A few tips on managing your AI coding requests

You keep running out of GitHub Copilot credits (or running into rate limits with other providers), and you wonder how to mitigate that?

It is a fairly frequent situation that tends to happen because users tend to one-shot an Agent request or just going back and forth with Copilot in Edit mode. Now… nothing wrong with that, however it’s inefficient.

Starting from here, we can start building an understanding of what actually happens when you interact with the service.

What can you do?

The context you use matters. The workspace you are working in matters. The prompts you use are super important. Given it’s not just a free-for-all anymore, you need to start optimising.

Once you have solid prompting foundations, introducing optimisation starts with model choice: you are using a horizontal orchestrator with access to many models, don’t just settle on one. Reasoning models are expensive and you should use them only when needed.

Then don’t forget to adjust the thinking effort where possible:

Even if you are using a mid-range model like Sonnet, you can control how much reasoning is used, and more often than not you don’t need High (or even Medium!) reasoning if you are implementing well-crafted specifications. Also don’t forget about smaller models (Haiku, Gemini Flash, etc.) as they are quite capable in deterministic implementations.

For the next level of optimisation, in my opinion, you need to get an in-depth understanding of what you are using.

You can start by looking at the internals. Using the Agent Debug Log panel you can drill-down to each step, and see what actually happens. And it becomes interesting…

You will find that every time you use an interactive mode (Edit, Agents, etc.) the overhead can be significant. Default skills and slash commands, default tools, MCPs, etc. This means that every request you send that way will have a premium you can’t really see.

If you are working in interactive mode assume a 15-20% overhead by default between system tools, instructions, etc. (obviously much lower like below in Ask Mode).

So it’s clear that managing your tools is another key task. Out of the box, Copilot uses a bunch of default tools that are injected in your context once the request is sent. Obviously you can tailor the tools with skills and reusable assets, however if you want to just reduce them you need to build a custom toolset mixing and matching what you actually need. It’s a JSON file.

Compacting conversations is also an important tool you can use, not so much as to reduce the immediate token cost but rather to increase the quality of the output and reduce waste.

Think about it: we know models start hallucinating at around 75% of context window, so compaction solves the problem by generating an effective summary and handoff. It becomes really evident that if your model keeps hallucinating or looping you are literally wasting tokens.

Very handy to know however that compacting starts automatically at 80% usage however I suggest trying to manage this autonomously to facilitate handover, otherwise you will have significant flow interruptions.

What’s next?

This is pretty much all you can do by yourself. The next logical steps in this tokenomics reality we live in are all about scaling to team and organisation, and in particular:

  • agent-friendly backlog systems
  • reusable, composable team libraries

For the former, we already have Spec-driven development showing how to build an agent-friendly backlog system, all there is to do there is adopt it 😀 Tools like Beads and GasTown are the extra orchestration on top of the concept, however you can do most of it with a traditional Azure DevOps or Jira setup.

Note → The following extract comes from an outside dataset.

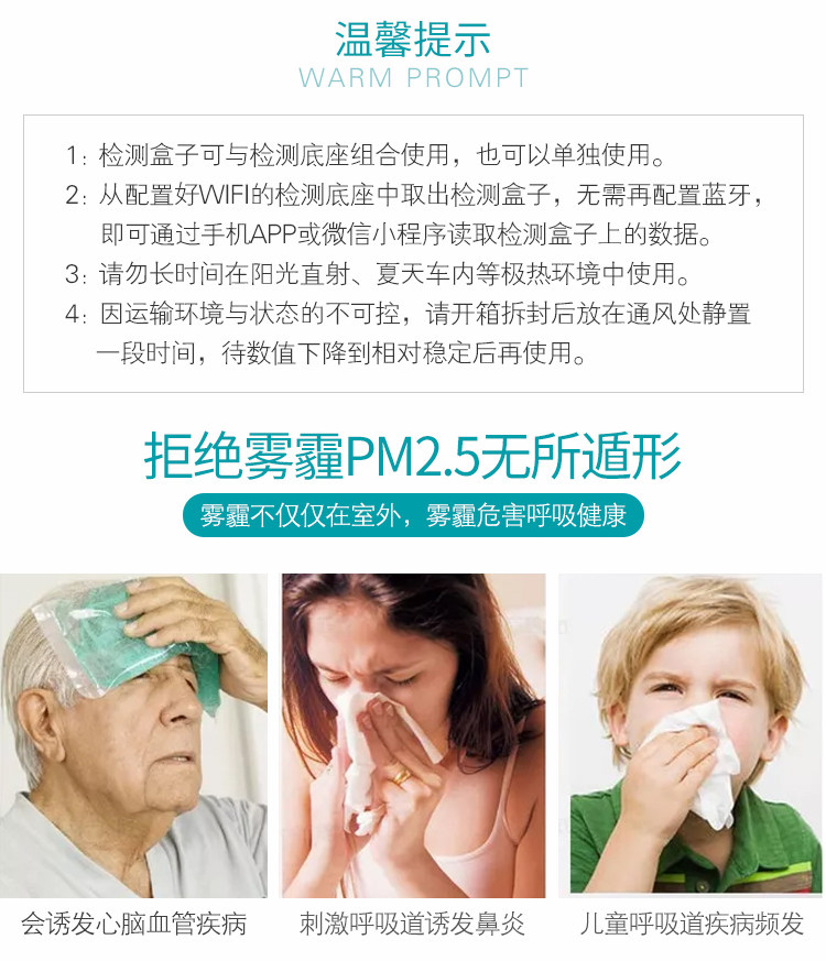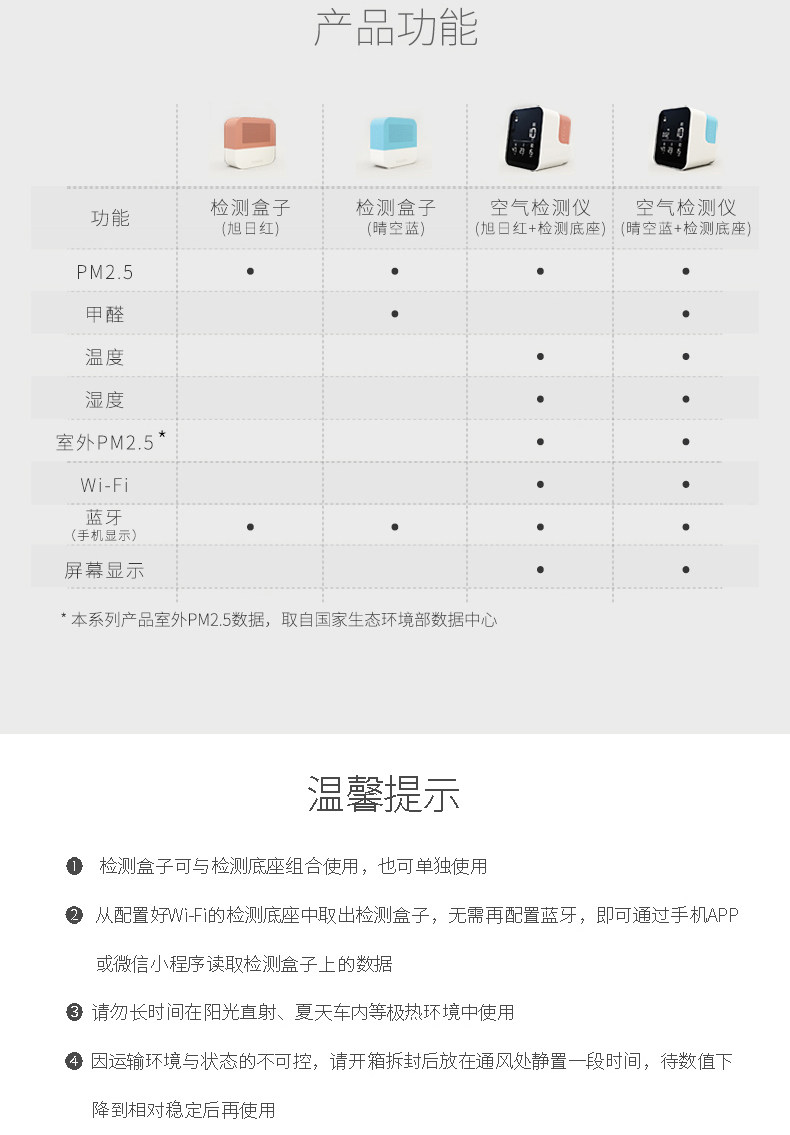 • 颜色分类:检测仪套装(晴空蓝+检查底盒)检测仪套装(旭日红+检查底盒)检测底座PM2.5+甲醛检测盒子(晴空蓝)PM2.5检测盒子(旭日红)

For the latter, we are getting there as an industry via reusable, outcome-driven orchestrators teams will grow as internal products. This is, weirdly enough, what I just finished talking about at DevOpsCon during one of the breaks, where the idea is that the platform does not change however the content of the platform will.

Eventually one of the things I also recommend teams do is to try and track token usage in their requirements so to build correlation between complexity, usage and solutions over time. It might seem like a repetitive exercise right now however you are going to build insights around how the team operates and how the organisation can benefit from different approaches.